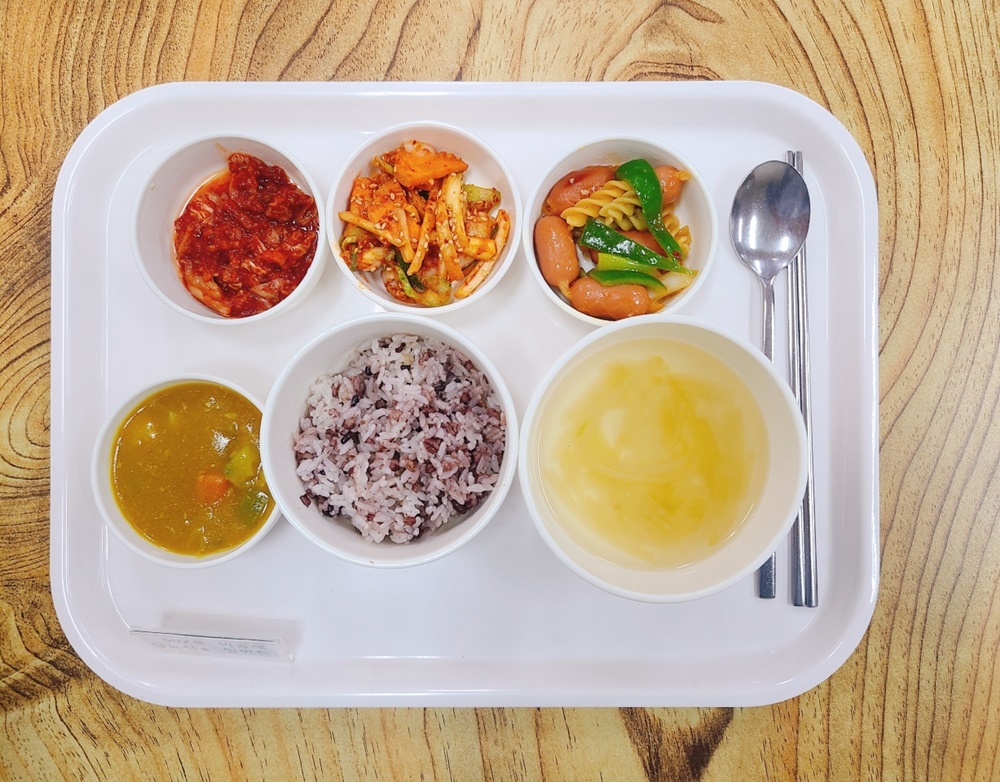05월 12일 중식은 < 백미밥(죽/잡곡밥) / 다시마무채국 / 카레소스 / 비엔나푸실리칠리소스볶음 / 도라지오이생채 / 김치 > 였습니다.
--
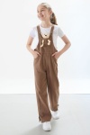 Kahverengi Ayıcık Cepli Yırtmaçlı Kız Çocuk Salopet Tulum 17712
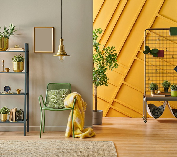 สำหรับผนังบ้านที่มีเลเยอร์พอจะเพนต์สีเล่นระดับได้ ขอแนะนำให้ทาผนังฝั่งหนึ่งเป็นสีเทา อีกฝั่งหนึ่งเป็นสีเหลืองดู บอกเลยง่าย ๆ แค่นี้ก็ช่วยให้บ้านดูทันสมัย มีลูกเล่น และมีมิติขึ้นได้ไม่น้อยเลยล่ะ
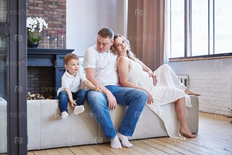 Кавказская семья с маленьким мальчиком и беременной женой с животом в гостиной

## EXERCISE DIRECTIONS
Extract the part of the records that opens with the line containing "อีกฝั่งหนึ่งเป็นสีเหลืองดู บอกเลยง่าย ๆ" and closes with the line containing "Кавказская семья с". Take only those lines, exactly, and no pictures.

## RESULT OF THIS TASK
 สำหรับผนังบ้านที่มีเลเยอร์พอจะเพนต์สีเล่นระดับได้ ขอแนะนำให้ทาผนังฝั่งหนึ่งเป็นสีเทา อีกฝั่งหนึ่งเป็นสีเหลืองดู บอกเลยง่าย ๆ แค่นี้ก็ช่วยให้บ้านดูทันสมัย มีลูกเล่น และมีมิติขึ้นได้ไม่น้อยเลยล่ะ
 Кавказская семья с маленьким мальчиком и беременной женой с животом в гостиной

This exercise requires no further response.